I am running the code in a pipenv environent, with python version 3.11. I attached the requirements.
requirements.txt

Here is my Pipfile:

[[source]]
url = "https://pypi.org/simple"
verify_ssl = true
name = "pypi"

[packages]
google-cloud-bigquery-storage = "*"
google-cloud-bigquery = {extras = ["bqstorage", "pandas"], version = "*"}
google-cloud-tasks = "*"
firebase-admin = "*"
Pillow = "*"
imagehash = "*"
structlog = "*"
functions-framework = "*"
opencv-python = "*"
numpy = "*"
asyncio = "*"
pydantic = {extras = ["dotenv"], version="~=1.10"}
psycopg2-binary = "*"
google-cloud-aiplatform = "*"
gcloud-aio-storage = "*"
gcloud-rest-storage = "*"
validators = "*"
avif = {extras = ["pillow"], version="*"}
pillow-avif-plugin = "*"
wheel = "*"
apache-beam = {extras = ["gcp"], version = "*"}
cloud-sql-python-connector = {extras = ["pg8000"], version = "*"}

[dev-packages]
flask = {extras = ["async"], version="*"}

[requires]
python_version = "3.11"

Issue Priority

Priority: 3 (minor)

Issue Components

jrmccluskey commented 1 year ago

Okay so I can repro the issue, specifically when the batch size specified is > the number of elements in the input PCollection and the another GBK happens in the pipeline after the GroupIntoBatches call. (GBK is marked as complete here and then re-invoked here.)

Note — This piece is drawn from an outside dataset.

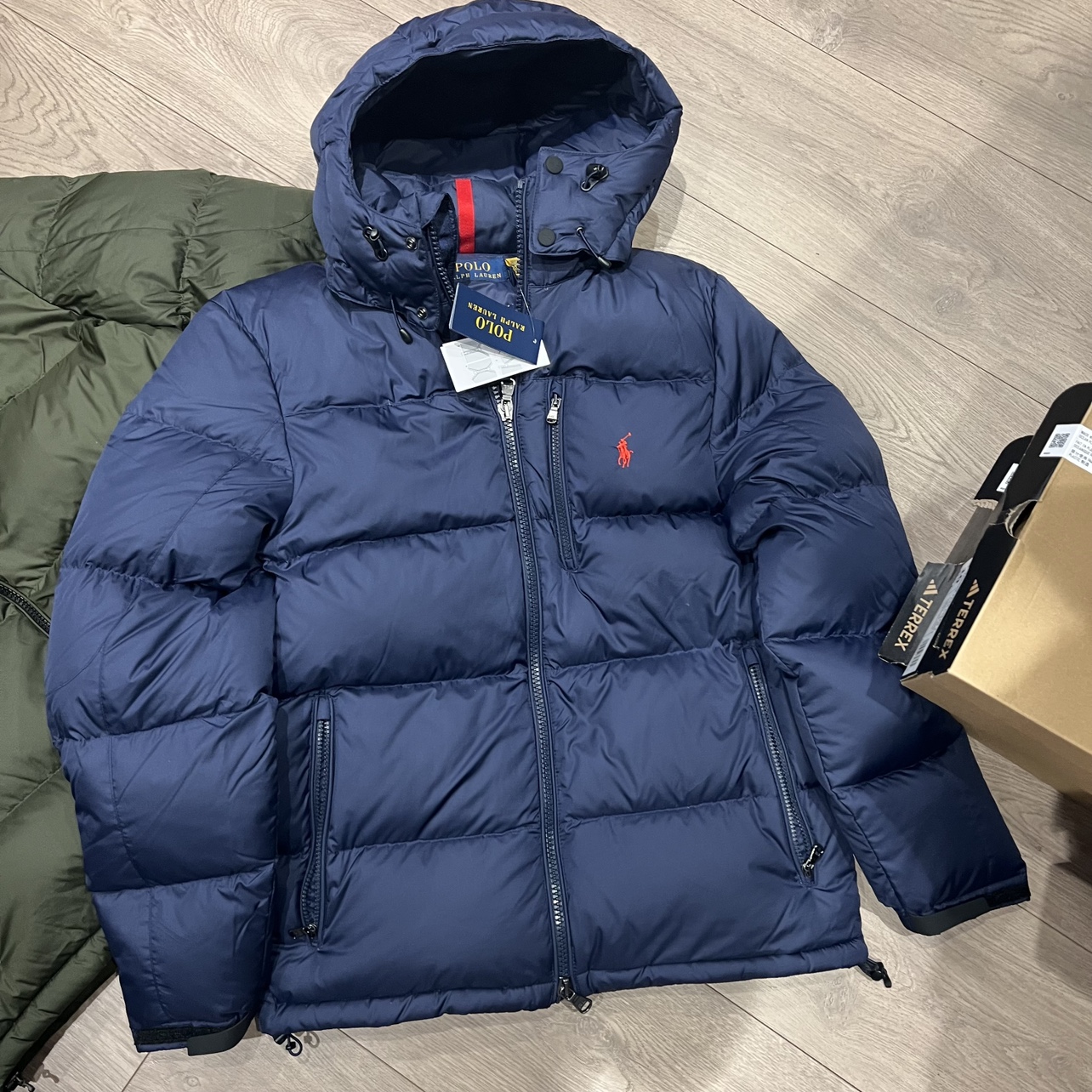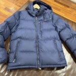 Navy Blue Hooded Down Jacket – Thick Warm Winter Waterproof Jacket with Brand Red Logo, Suitable for Men’s Daily and Leisure Use

This would happen if _is_final_bundle() returns true, AKA the watermark was advanced to infinity prematurely for the next invocation of a GBK. This seems to be the case if batch size > num elements, with the watermark still being at positive infinity on the next invocation instead of being reset to negative infinity for the next DoFn.

I can demonstrate this with this pipeline + some extra logging within the GBK transform evaluator:

def run(argv=None, save_main_session=True):
    parser = argparse.ArgumentParser()

    # Parse the arguments from the command line as defined in the options class
    known_args, pipeline_args = parser.parse_known_args(argv)

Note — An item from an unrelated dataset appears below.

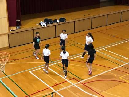 小学校6年生が、中学校の部活動を体験しています。

    pipeline_options = PipelineOptions(pipeline_args)

    with (beam.Pipeline(options=pipeline_options) as p):
        (
            p
            | "Read Vertex embedder output" >> beam.Create(["a", "b", "c"])
            | "Assign dummy keys" >> beam.Map(lambda x: ("key", x))
            | "Batch up to 30 elements" >> beam.GroupIntoBatches(3)
            | "Flat map" >> beam.FlatMap(lambda x: x[1])
            | "re-key" >> beam.Map(lambda x: ("key2", x))
            | "gbk" >> beam.GroupByKey()
        )

if __name__ == "__main__":
    run()

With batch size = 3 we get each element through both GBKs, but with batch size > 3 the second GBK invocation fails on the first element because the Completion Tag and watermark are not reset. I haven't quite found where the reset between DoFn invocations happens yet, but this is where the problem is.

tvalentyn commented 1 year ago

Somehow this pipeline is using a wrong direct runner (apache_beam/runners/direct/executor.py).

the old BundleBased direct runner is no longer maintained, and it is not expected that it is still being used for this batch pipeline.

The relevant code is in https://github.com/apache/beam/blob/223dded769df48270df317868dc32144ec2fb353/sdks/python/apache_beam/runners/direct/direct_runner.py#L115-L126

We should have used the FnApi runner.

damianr13 commented 1 year ago

@tvalentyn

Thanks for your reply. Based on what you said I added some breakpoints and I discovered that this is where the decision to not use FnApi runner is taken (line 111):

https://github.com/apache/beam/blob/05861613f484a6159c21796006c52d8da5e10b2a/sdks/python/apache_beam/runners/direct/direct_runner.py#L107-L112

This happens while it checks _GroupIntoBatchesDoFn.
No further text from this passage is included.